平成26(2014)年の大相撲夏場所は、久々に満員御礼の日が続いた。遠藤や勢ら新力士の活躍で盛り上がり、また終盤には髷を掴む「禁じ手」が関心を呼んだ。
禁じ手がほんのわずかだからこそ、小兵があの手この手を使って大横綱を倒す妙味も生まれ、観客は拳を握りしめ、力士の奮闘に喝采し留飲を下げる。
「危険を顧みず、身をもって責務の完遂に務め(る)」と宣誓している自衛隊(員)は、大規模災害で活躍し信頼を得てきた。しかし、PKO(平和維持活動)や本来任務の遂行に当たっては「禁じ手」ばかりで、中国の尖閣諸島領海侵犯や邦人救出などで十分な対処ができない。これでは国民の負託に応えることができない危惧がある。
現実に向き合わない日本
危惧を強く感じてきたのが安倍晋三首相で、第1次内閣のとき「安全保障の法的基盤の再構築に関する懇談会」を立ち上げた。しかしその後たな晒しにされ、ようやく5月15日に答申を受け取った。
この日を機に集団的自衛権の行使容認に絡む国会論戦が一段と熱気を帯びてきたが、無用な煽動や反対のための反対など、真摯に問題に向き合おうとしない議論も多い。
容認反対の政党、マスコミなどは、「戦争する為の憲法解釈見直し」であり、「戦争に駆り出され、死者が出る」「他国のために自衛隊の武力が使われる」などと主張している。
また憲法改正が非常に困難であることを承知で、行使容認のためには憲法改正が筋であると主張する。すなわち、戦争巻き込まれ論や死亡者続出論を振りかざして国民を誤導し、憲法改正を主張して行使容認を阻止しようとしているわけである。

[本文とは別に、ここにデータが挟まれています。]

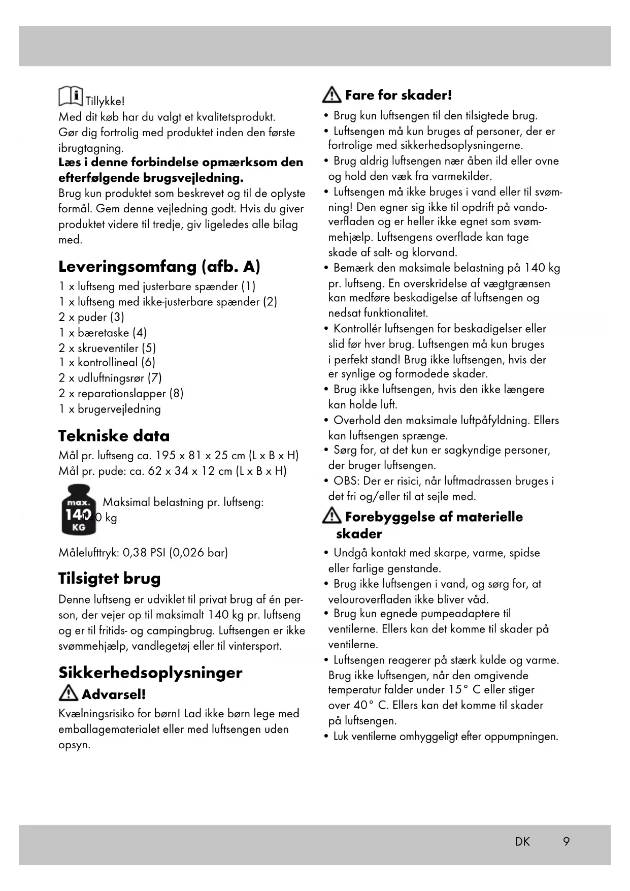 Maksimal belastning pr. luftseng: 140 kg Målelufttryk: 0,38 PSI (0,026 bar) Tilsigtet brug Denne luftseng er udviklet til privat brug af én per- son, der vejer op til maksimalt 140 kg pr. luftseng og er til fritids- og campingbrug. Luftsengen er ikke svømmehjælp, vandlegetøj eller til vintersport. Sikkerhedsoplysninger Advarsel! Kvælningsrisiko for børn! Lad ikke børn lege med emballagematerialet eller med luftsengen uden opsyn. Fare for skader!
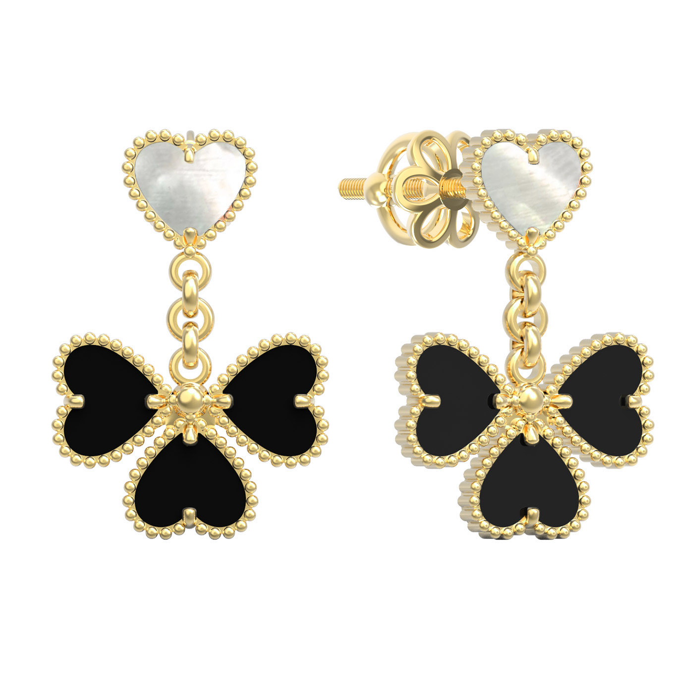 Серьги из лимонного золота c ониксом и перламутром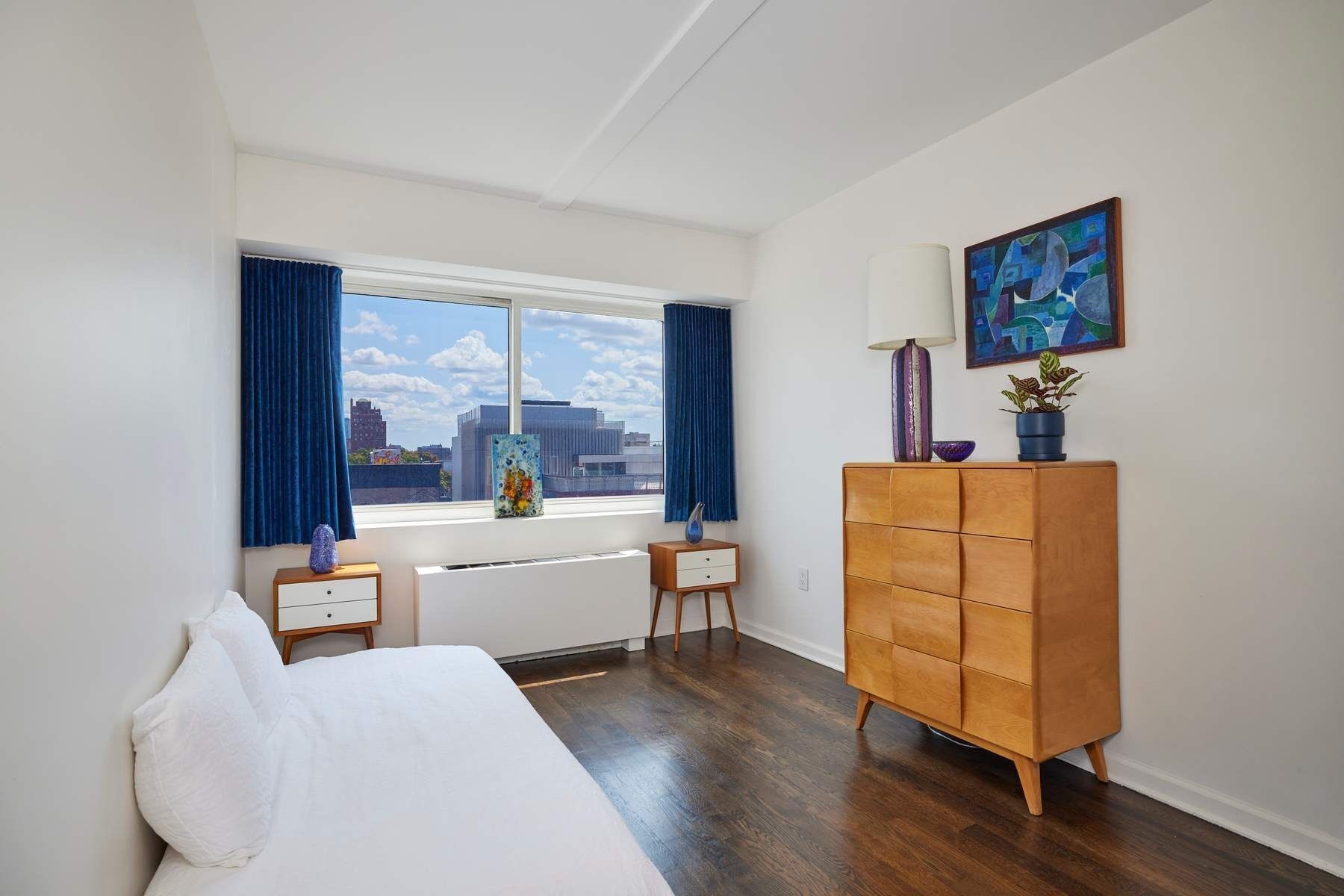 The oversized 21’2" x 20’8" living/dining area faces north towards the iconic Chrysler and Empire State Buildings, and east towards the Williamsburg Bridge. Enjoy your morning coffee on the adjacent balcony while basking in the sun. Built-in cabinets line the northern windows, providing ample storage and display space.
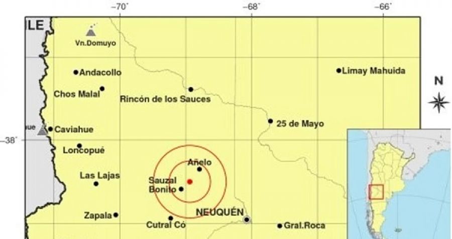El temblor se inició a una profundidad de 10 kilómetros y su epicentro se produjo a 88 kilómetros al noroeste de Neuquén, 456 kilómetros al sudoeste de Santa Rosa y a 57 kilómetros al noreste de Cutral Có.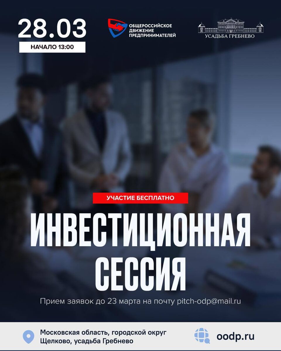 Мероприятие предоставит возможность компаниям, заинтересованным в привлечении инвестиций, презентовать проекты перед широкой аудиторией, получить квалифицированную обратную связь от инвесторов и экспертов, обменяться опытом с коллегами, привлечь инвесторов, партнеров и единомышленников для дальнейшего развития проекта! Для участия в питч-сессии необходимо прислать проект в формате.pdf на почту: pitch-odp@mail.ru ВХОД СВОБОДНЫЙ Адрес: Московская область, городской округ Щелково, усадьба Гребнево, зал «Каретный двор». А в 14:00 вас ждет бесплатная экскурсия по усадьбе Гребнево. Сбор гостей возле Администрации. И в 16:00 состоится моя бизнес-встреча. Вход свободный! ✅ АНДРЕЙ КОВАЛЕВ | reformator.ru | oodp.ru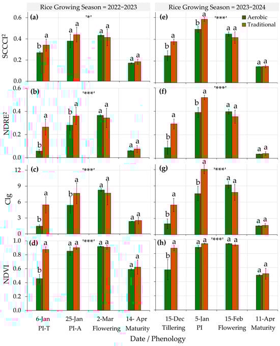 Mean values of the (a,e) squared simplified canopy chlorophyll content index (SCCCI2), (b,f) squared normalized difference red edge index (NDRE2), (c,g) chlorophyll green index (Clg), and (d,h) normalized difference vegetation index (NDVI) for each measurement date. Vertical bars indicate the standard deviation. The phenological stages at which the aerobic and ponded rice were at each measurement date is also indicated (PI-T = ponded rice at panicle initiation; PI-A = aerobic rice at panicle initiation). Different letters within irrigation treatments for each date indicate statistically significant differences for the interaction between irrigation and date effect by rice season (p < 0.001 ‘***’, p < 0.05 ‘*’).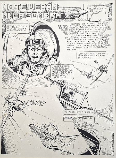 Obra visual de formato rectangular y disposición vertical. Dibujo monocromo. Está compuesto por tres viñetas protagonizadas por una figura masculina vestido de aviador.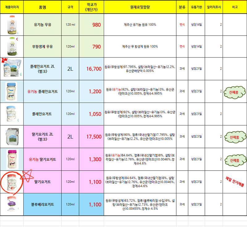 ** 푸드마일 제주샘물목장 11~12월 단가표입니다 ** 딸기요거트, 블루베리요거트, 플레인요거트, 유기농요거트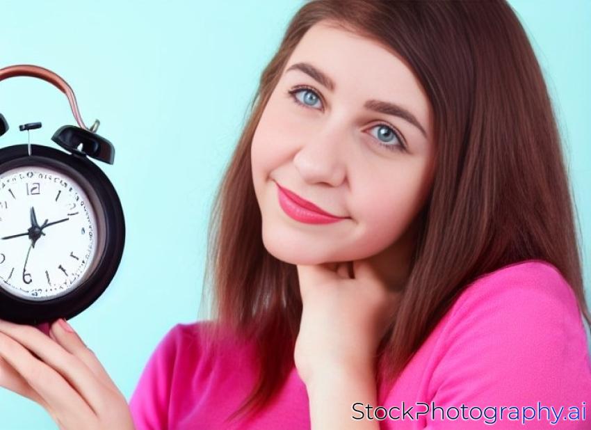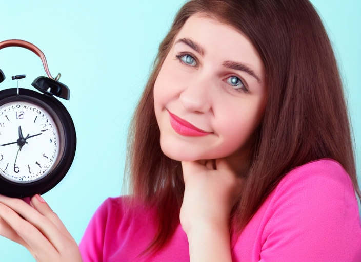 portrait of beautiful young woman with a red alarm clock standing on the pink background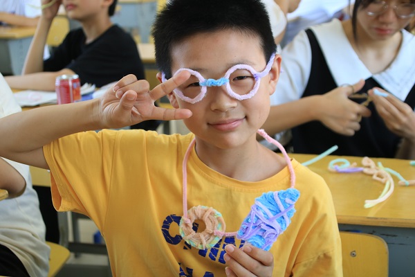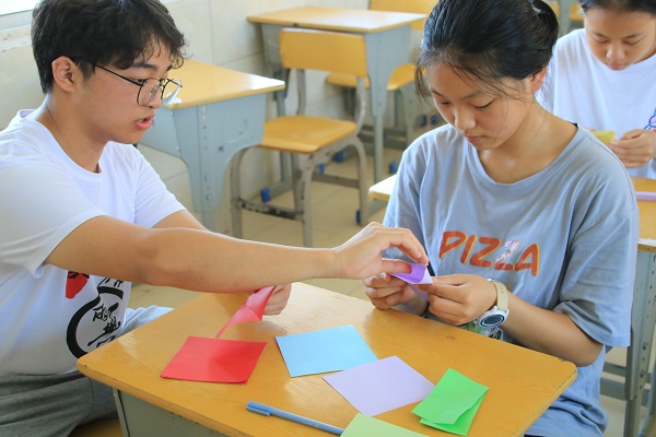 在课堂上,支教组的队员首先为大家带来了精彩的手工课。其中,组长邓添引介绍了折纸的基本方法,并耐心指导同学们折纸,最后进行了作品展示以及评选。组员李敏演示了扭扭棒的创作方法,并鼓励同学积极思考,勇于创新,同学们表现踊跃。随后,组员贺志飞用巧妙的方式给同学们展示了数学的趣味性,他把生活常识和医学知识融入到数学教学中,给同学们带来了不一样的体验。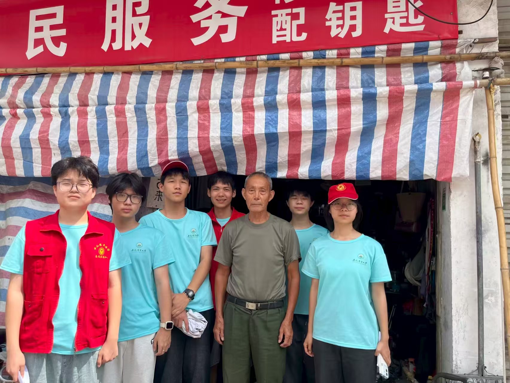 實踐團成員對退役老兵進行采訪,傾聽烽火歲月里的家國情懷。老人介紹到,我的名字是洪光中,1964年想法單純天真,就是想參軍報國。入伍我國中央直接領導的參謀軍,參與兩彈一星的爆炸工作。于1969年退伍,迄今為止還保持著軍人作風。當實踐團成員采訪到“退役后是否有接受過任何優待”。紅爺爺介紹到“我從來沒有因為我是軍人而向國家索取任何優待,習總書記說,幸福是奮斗出來的,擼起袖子加油干,所以我退役后來村子里學習修鞋、補鞋,自我謀生。取的名字叫便民服務,就是為了能夠服務人民”。當談到大學生參軍入伍時,紅爺爺講道:我對新的一代充滿希望和期望,我一直覺得新的一代比我們這一代聰明能干。最后,實踐隊員與爺爺合影留念。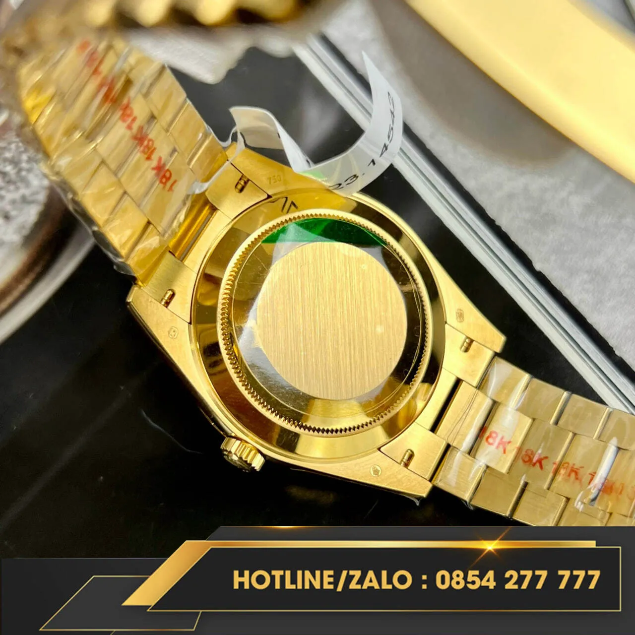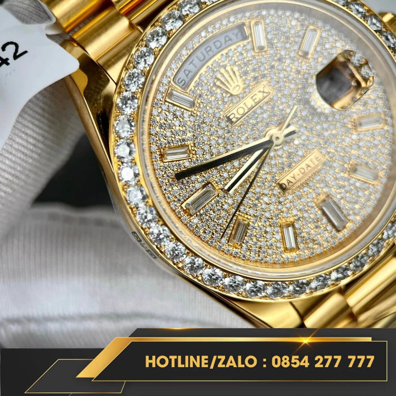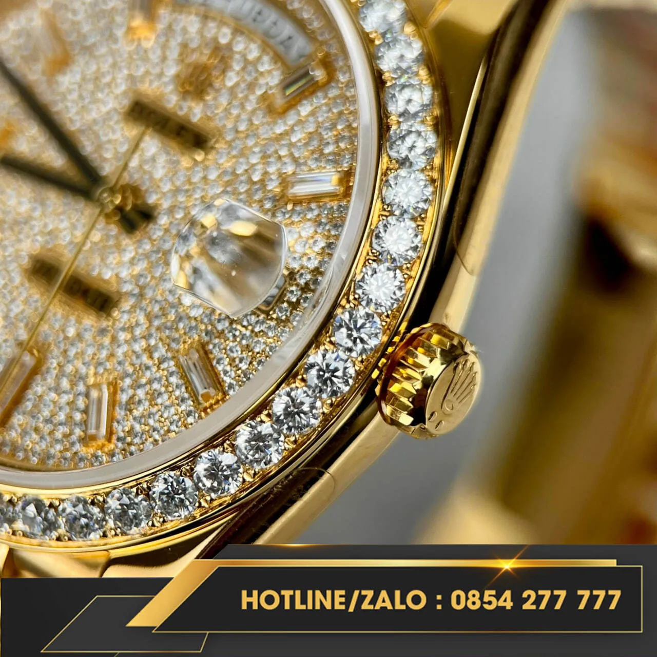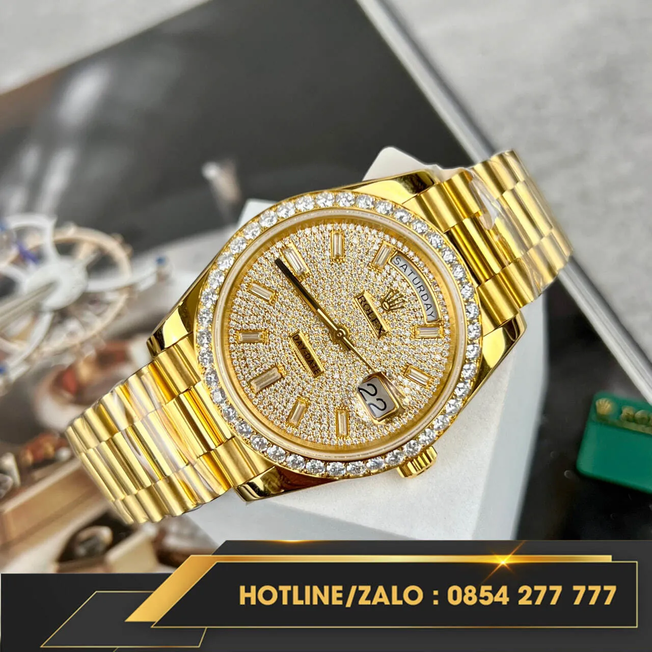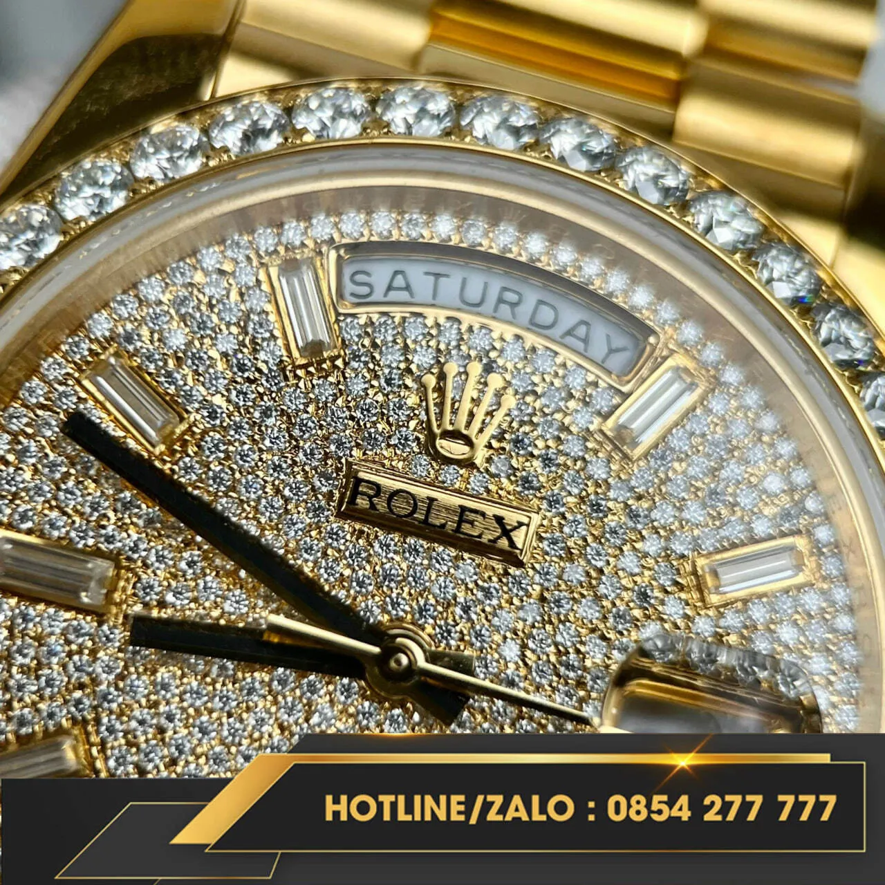 Hiện tại, Đồng hồ Rolex Day-Date bọc vàng V3 nặng 175g kim cương Moissanite đang có sẵn tại donghovangkhoi.vn. Liên hệ với chúng tôi ngay hôm nay để sở hữu cho mình chiếc đồng hồ đẳng cấp này.

前社民党党首の福島瑞穂氏はかつて、「9条で『世界を侵略しない』と表明している国を攻撃する国があるとは思わない」(「産経新聞」平成24年18月31日付)と述べ、村山富一元首相は5月25日の明治大学における講演で、「戦争をしないと宣言して丸裸になっている日本を、どこが攻めてくるか。そんなことはあり得ない。自信を持っていい」と語っているが、論外である。
社民党はロマンティストかもしれないが、国際社会の現実を直視していない。韓国に行って国辱的発言をするのではなく、尖閣諸島周辺や南シナ海で起きている事象を自分の目で確かめるのが先決ではないだろうか。
日本が採るべき姿勢は、安倍首相が言うように「現実に起こり得る事態への備え」であり、その為の法整備等を粛々と進めることである。
「抑止力」の向上は喫緊の課題
日本の対処能力の向上には2つの視点から考える必要がある。
1つは抑止力を高めて偶発事案を低減させること。中国軍が自衛艦に射撃用レーダーを照射したり、自衛隊機や艦船に異常接近する事案が頻出している。国際法や慣習を無視した違法行為であるが、自衛隊は有効な対応策を採ることができない。
こうした違法行為に対して自衛隊が対応できるようになっておれば、抑止力が機能して逆に違法かつ危険な行為が防止されることになる。